**What to produce**
In the listing below, locate the line containing "- 중복제외: 생계급여(국민기초생활보장,서울형" and the line containing "Prompt :-Create a". Output both of them and every line between, exactly as written, and nothing more.

--- Data records Enclosed Below ---

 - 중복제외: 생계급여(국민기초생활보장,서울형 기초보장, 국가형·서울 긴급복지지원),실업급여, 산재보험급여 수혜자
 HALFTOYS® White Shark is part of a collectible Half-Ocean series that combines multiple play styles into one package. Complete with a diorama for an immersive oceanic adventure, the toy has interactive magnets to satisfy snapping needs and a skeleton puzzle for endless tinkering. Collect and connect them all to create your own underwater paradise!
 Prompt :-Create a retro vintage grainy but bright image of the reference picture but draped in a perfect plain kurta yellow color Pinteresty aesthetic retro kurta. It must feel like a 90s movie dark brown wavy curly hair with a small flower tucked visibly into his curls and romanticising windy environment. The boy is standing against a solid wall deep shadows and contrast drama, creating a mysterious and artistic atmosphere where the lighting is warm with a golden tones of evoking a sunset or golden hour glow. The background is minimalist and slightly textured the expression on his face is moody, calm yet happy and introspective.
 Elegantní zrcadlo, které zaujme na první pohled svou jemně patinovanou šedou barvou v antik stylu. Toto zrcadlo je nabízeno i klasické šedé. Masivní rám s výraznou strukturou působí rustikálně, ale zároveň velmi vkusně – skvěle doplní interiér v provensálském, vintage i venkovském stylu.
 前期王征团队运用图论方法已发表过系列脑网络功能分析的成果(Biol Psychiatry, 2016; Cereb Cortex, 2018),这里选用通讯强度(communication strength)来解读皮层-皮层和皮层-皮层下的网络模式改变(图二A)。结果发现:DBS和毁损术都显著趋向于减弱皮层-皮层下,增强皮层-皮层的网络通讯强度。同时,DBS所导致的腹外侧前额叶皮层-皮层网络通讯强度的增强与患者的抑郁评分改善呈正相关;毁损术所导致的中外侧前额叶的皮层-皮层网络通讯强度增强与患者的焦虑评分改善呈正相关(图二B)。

--- End of Enclosed Data records ---
--- Data records Enclosed Below ---

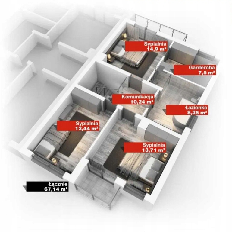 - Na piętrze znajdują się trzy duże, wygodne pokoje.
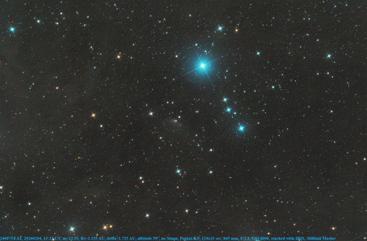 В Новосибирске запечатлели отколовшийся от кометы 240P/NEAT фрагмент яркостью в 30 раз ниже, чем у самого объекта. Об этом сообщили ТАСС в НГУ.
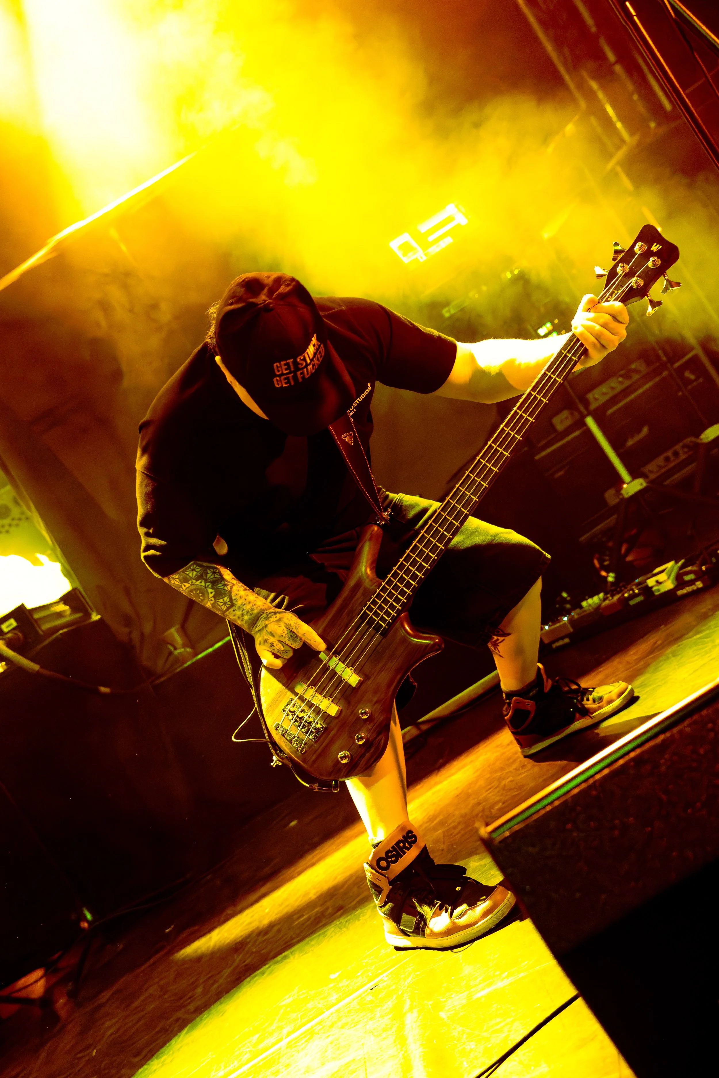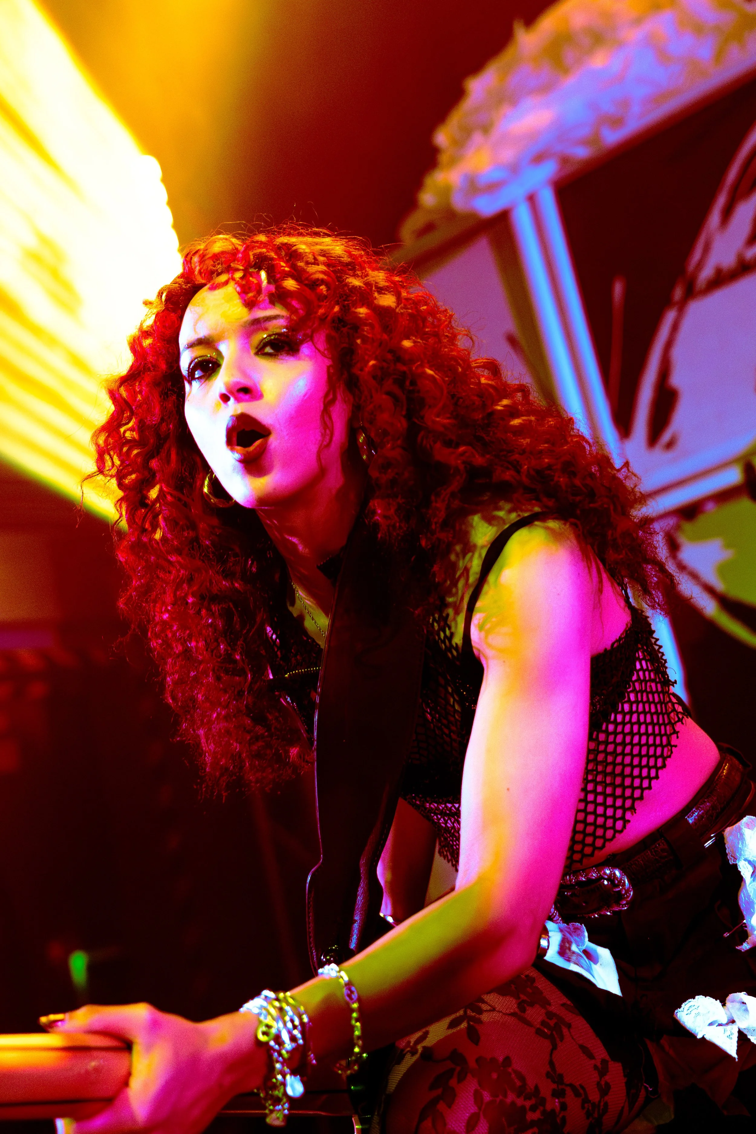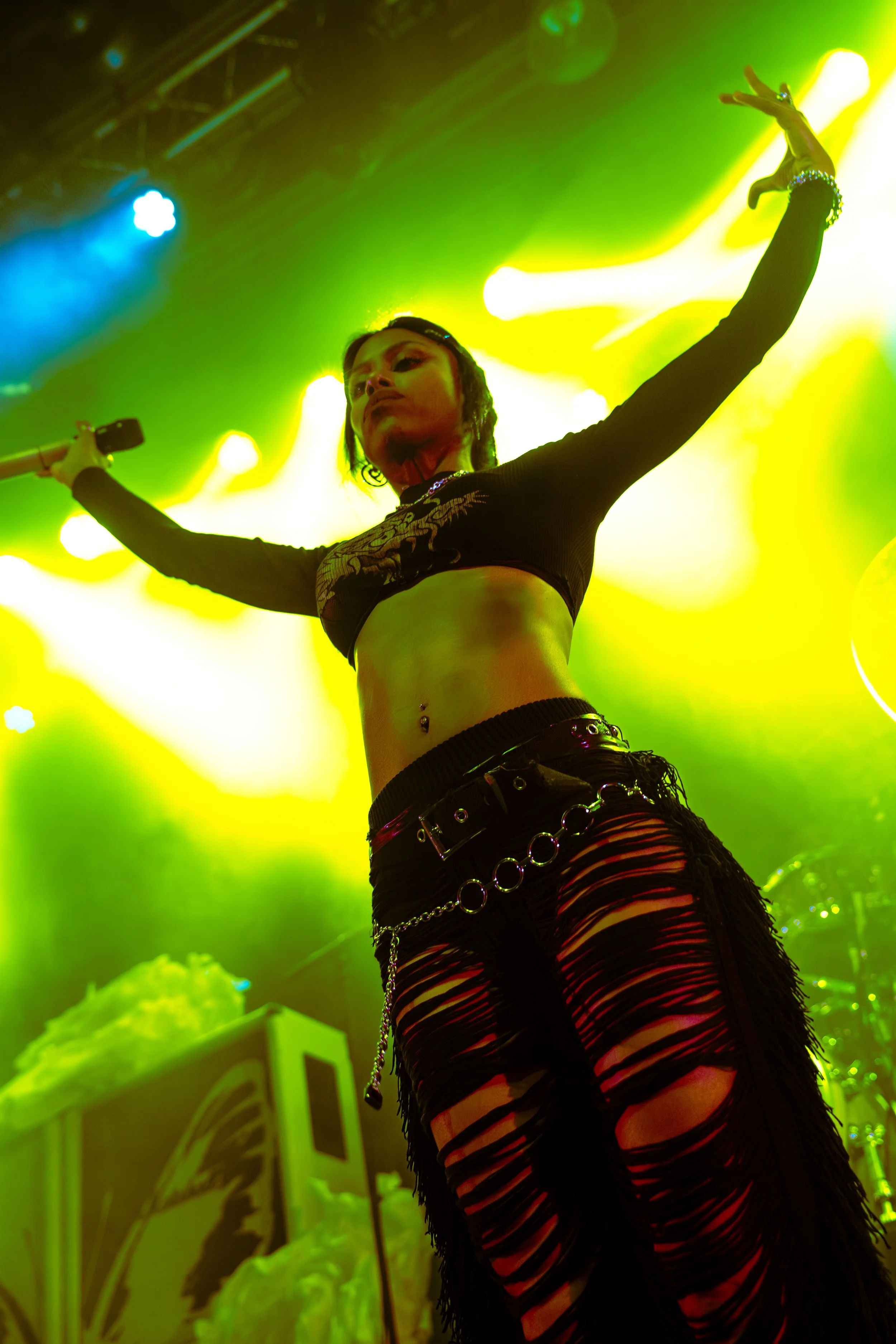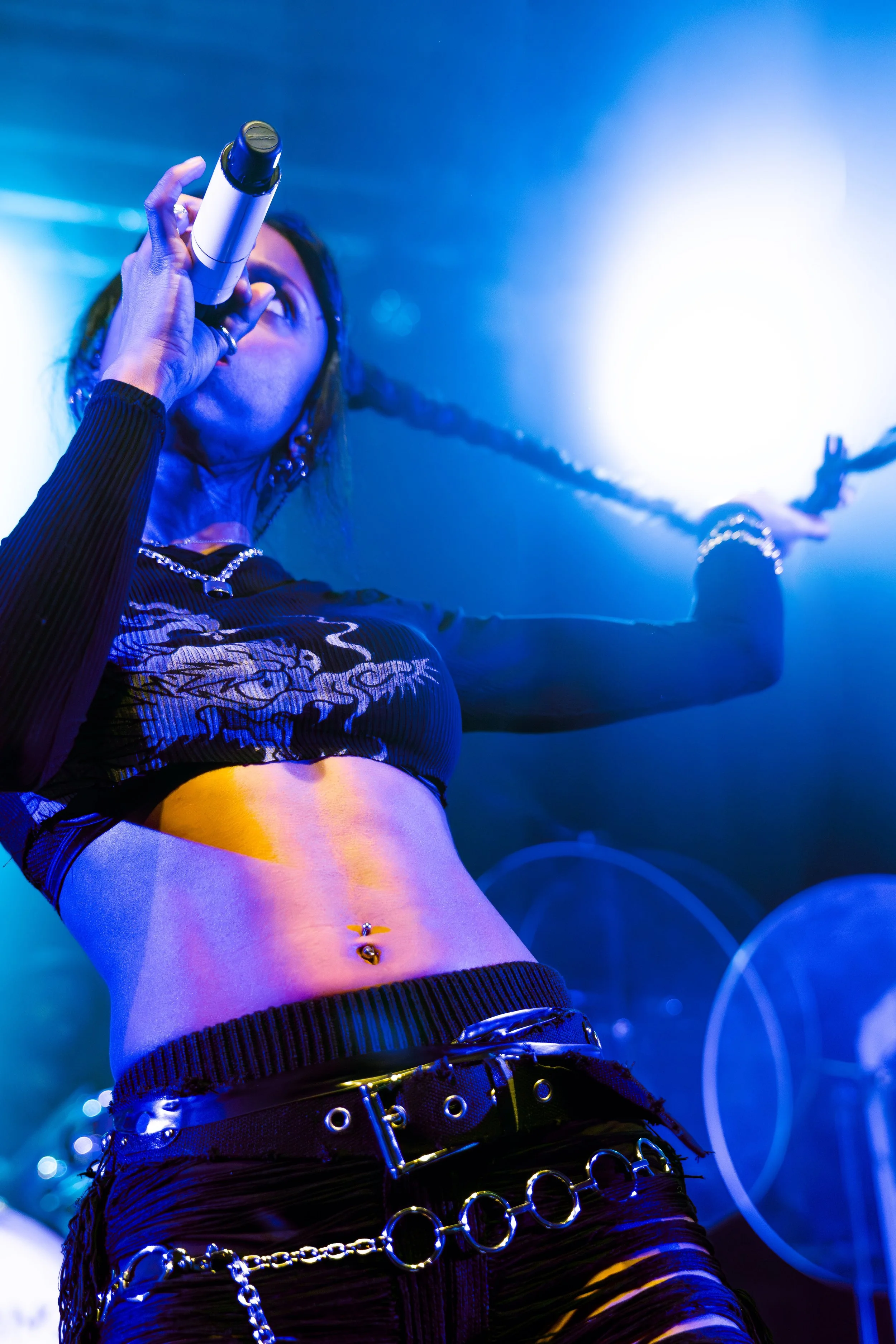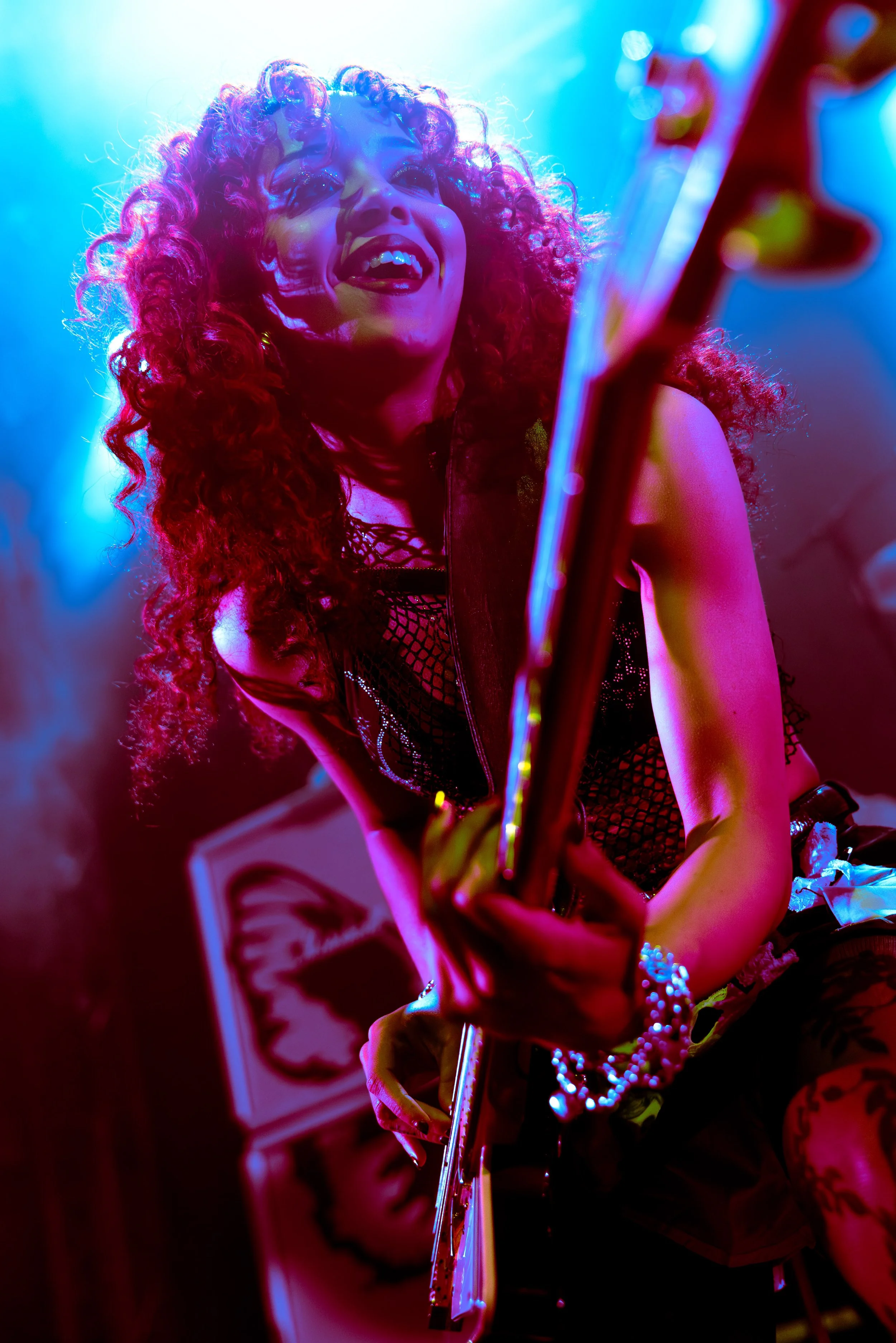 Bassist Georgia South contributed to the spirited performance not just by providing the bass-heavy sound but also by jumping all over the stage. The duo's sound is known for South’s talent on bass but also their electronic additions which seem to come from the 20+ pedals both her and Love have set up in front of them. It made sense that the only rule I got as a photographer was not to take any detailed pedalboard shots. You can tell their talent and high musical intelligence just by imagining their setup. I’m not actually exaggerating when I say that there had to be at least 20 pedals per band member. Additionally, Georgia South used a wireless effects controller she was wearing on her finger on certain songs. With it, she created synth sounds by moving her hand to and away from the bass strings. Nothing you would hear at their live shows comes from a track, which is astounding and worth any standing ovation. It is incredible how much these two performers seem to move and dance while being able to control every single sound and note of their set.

--- End of Enclosed Data records ---
--- Data records Enclosed Below ---

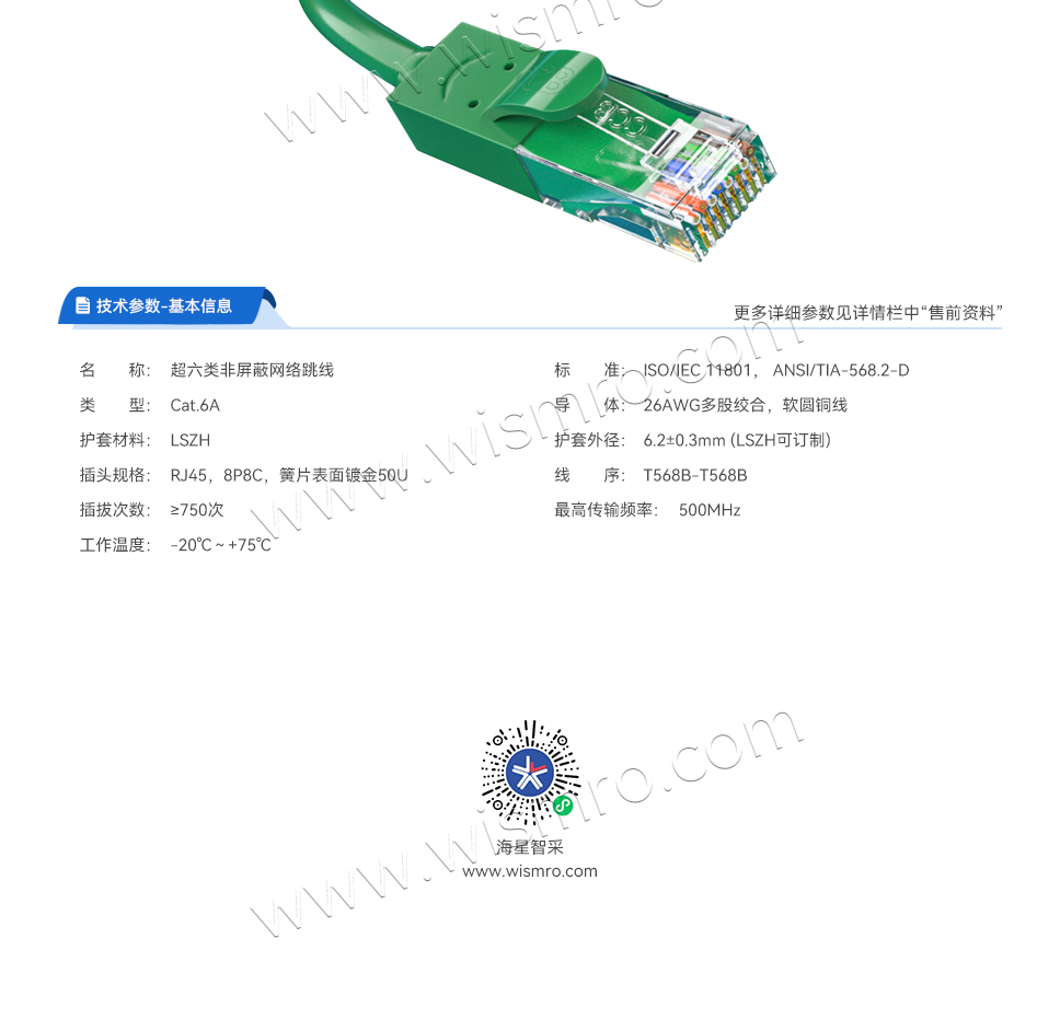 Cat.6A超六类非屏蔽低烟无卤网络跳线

--- End of Enclosed Data records ---

**Solution to the problem**
 - 중복제외: 생계급여(국민기초생활보장,서울형 기초보장, 국가형·서울 긴급복지지원),실업급여, 산재보험급여 수혜자
 HALFTOYS® White Shark is part of a collectible Half-Ocean series that combines multiple play styles into one package. Complete with a diorama for an immersive oceanic adventure, the toy has interactive magnets to satisfy snapping needs and a skeleton puzzle for endless tinkering. Collect and connect them all to create your own underwater paradise!
 Prompt :-Create a retro vintage grainy but bright image of the reference picture but draped in a perfect plain kurta yellow color Pinteresty aesthetic retro kurta. It must feel like a 90s movie dark brown wavy curly hair with a small flower tucked visibly into his curls and romanticising windy environment. The boy is standing against a solid wall deep shadows and contrast drama, creating a mysterious and artistic atmosphere where the lighting is warm with a golden tones of evoking a sunset or golden hour glow. The background is minimalist and slightly textured the expression on his face is moody, calm yet happy and introspective.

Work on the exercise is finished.